Task instructions → Beginning with the line that holds "Không gian tiếp" in the data below, give again every line through the one that holds "(1)根据资料中提供的itcasthealth.pdm文件导出SQL脚本", exactly as written.

Provided material →
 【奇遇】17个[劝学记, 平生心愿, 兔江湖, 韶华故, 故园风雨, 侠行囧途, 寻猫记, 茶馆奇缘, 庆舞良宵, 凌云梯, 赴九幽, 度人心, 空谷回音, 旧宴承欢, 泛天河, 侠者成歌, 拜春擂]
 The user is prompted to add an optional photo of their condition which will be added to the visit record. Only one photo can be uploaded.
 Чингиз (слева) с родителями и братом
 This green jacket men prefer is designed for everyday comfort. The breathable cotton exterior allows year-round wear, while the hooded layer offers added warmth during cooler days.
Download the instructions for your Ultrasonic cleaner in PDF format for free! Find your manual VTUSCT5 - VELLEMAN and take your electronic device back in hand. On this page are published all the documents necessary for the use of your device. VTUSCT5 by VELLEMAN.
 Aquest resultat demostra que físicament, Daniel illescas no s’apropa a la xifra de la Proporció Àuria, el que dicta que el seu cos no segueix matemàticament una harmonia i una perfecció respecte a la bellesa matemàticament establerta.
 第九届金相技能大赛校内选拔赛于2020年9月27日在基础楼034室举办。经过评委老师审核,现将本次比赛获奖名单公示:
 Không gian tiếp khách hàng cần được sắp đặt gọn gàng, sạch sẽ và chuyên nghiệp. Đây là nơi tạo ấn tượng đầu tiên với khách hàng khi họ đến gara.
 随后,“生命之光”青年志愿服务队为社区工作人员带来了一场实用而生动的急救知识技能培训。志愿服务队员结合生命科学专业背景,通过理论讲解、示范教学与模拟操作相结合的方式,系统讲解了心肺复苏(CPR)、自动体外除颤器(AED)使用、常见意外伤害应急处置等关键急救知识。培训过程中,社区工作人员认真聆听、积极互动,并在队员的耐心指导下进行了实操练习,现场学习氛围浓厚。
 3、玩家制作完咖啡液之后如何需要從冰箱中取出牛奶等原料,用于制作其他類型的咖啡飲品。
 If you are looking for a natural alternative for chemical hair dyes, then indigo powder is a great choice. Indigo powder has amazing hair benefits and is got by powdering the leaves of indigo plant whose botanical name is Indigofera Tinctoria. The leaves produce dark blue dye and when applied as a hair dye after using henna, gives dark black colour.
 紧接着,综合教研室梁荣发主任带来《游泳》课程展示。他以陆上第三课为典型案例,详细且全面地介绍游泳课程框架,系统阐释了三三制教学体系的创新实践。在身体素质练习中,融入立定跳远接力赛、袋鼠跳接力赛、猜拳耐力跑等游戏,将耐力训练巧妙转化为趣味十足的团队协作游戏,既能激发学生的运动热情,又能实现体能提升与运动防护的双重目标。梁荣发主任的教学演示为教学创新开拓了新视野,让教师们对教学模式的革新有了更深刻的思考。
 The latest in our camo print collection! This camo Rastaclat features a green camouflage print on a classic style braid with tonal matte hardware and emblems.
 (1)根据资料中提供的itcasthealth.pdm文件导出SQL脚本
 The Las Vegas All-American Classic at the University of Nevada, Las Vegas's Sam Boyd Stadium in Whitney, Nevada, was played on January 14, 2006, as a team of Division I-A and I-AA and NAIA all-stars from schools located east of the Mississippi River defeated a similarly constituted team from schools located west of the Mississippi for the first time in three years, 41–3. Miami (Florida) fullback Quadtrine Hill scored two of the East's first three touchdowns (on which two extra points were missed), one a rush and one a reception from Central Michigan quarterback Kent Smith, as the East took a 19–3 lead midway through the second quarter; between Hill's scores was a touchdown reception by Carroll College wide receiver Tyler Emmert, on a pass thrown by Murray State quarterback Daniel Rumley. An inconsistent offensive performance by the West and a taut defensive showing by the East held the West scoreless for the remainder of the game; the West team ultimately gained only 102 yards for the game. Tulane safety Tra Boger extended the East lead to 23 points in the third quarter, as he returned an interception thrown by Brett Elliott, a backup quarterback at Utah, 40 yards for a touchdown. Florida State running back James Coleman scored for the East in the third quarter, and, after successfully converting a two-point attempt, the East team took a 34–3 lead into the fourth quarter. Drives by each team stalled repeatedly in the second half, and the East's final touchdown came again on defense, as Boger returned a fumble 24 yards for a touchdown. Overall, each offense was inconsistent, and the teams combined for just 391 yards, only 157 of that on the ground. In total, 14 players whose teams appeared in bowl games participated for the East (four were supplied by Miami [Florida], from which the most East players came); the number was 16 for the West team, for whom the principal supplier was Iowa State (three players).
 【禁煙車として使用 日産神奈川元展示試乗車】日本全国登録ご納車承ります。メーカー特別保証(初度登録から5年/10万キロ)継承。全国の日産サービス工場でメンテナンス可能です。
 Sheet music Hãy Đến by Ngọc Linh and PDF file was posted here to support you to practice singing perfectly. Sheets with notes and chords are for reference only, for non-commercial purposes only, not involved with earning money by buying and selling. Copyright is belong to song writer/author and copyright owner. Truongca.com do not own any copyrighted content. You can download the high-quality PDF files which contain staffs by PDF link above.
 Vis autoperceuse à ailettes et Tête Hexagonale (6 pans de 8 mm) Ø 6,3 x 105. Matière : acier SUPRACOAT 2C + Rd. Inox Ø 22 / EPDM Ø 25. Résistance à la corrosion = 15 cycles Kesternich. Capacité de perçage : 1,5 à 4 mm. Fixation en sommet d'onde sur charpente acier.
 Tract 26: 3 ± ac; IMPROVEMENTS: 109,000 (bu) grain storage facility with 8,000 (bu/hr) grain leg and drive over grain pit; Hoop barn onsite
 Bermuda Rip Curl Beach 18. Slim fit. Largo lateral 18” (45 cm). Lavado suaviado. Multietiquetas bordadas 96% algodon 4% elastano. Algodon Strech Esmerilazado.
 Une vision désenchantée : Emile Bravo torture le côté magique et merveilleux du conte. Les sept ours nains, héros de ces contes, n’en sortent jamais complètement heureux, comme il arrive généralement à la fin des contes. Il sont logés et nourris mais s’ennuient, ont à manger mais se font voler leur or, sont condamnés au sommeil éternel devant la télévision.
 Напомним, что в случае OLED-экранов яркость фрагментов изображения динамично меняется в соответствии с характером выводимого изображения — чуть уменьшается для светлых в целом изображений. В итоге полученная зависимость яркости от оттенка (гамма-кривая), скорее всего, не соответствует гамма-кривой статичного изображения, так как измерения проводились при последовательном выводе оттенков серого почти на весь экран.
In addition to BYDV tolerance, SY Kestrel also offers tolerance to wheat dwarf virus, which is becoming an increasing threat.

Task result →
 Không gian tiếp khách hàng cần được sắp đặt gọn gàng, sạch sẽ và chuyên nghiệp. Đây là nơi tạo ấn tượng đầu tiên với khách hàng khi họ đến gara.
 随后,“生命之光”青年志愿服务队为社区工作人员带来了一场实用而生动的急救知识技能培训。志愿服务队员结合生命科学专业背景,通过理论讲解、示范教学与模拟操作相结合的方式,系统讲解了心肺复苏(CPR)、自动体外除颤器(AED)使用、常见意外伤害应急处置等关键急救知识。培训过程中,社区工作人员认真聆听、积极互动,并在队员的耐心指导下进行了实操练习,现场学习氛围浓厚。
 3、玩家制作完咖啡液之后如何需要從冰箱中取出牛奶等原料,用于制作其他類型的咖啡飲品。
 If you are looking for a natural alternative for chemical hair dyes, then indigo powder is a great choice. Indigo powder has amazing hair benefits and is got by powdering the leaves of indigo plant whose botanical name is Indigofera Tinctoria. The leaves produce dark blue dye and when applied as a hair dye after using henna, gives dark black colour.
 紧接着,综合教研室梁荣发主任带来《游泳》课程展示。他以陆上第三课为典型案例,详细且全面地介绍游泳课程框架,系统阐释了三三制教学体系的创新实践。在身体素质练习中,融入立定跳远接力赛、袋鼠跳接力赛、猜拳耐力跑等游戏,将耐力训练巧妙转化为趣味十足的团队协作游戏,既能激发学生的运动热情,又能实现体能提升与运动防护的双重目标。梁荣发主任的教学演示为教学创新开拓了新视野,让教师们对教学模式的革新有了更深刻的思考。
 The latest in our camo print collection! This camo Rastaclat features a green camouflage print on a classic style braid with tonal matte hardware and emblems.
 (1)根据资料中提供的itcasthealth.pdm文件导出SQL脚本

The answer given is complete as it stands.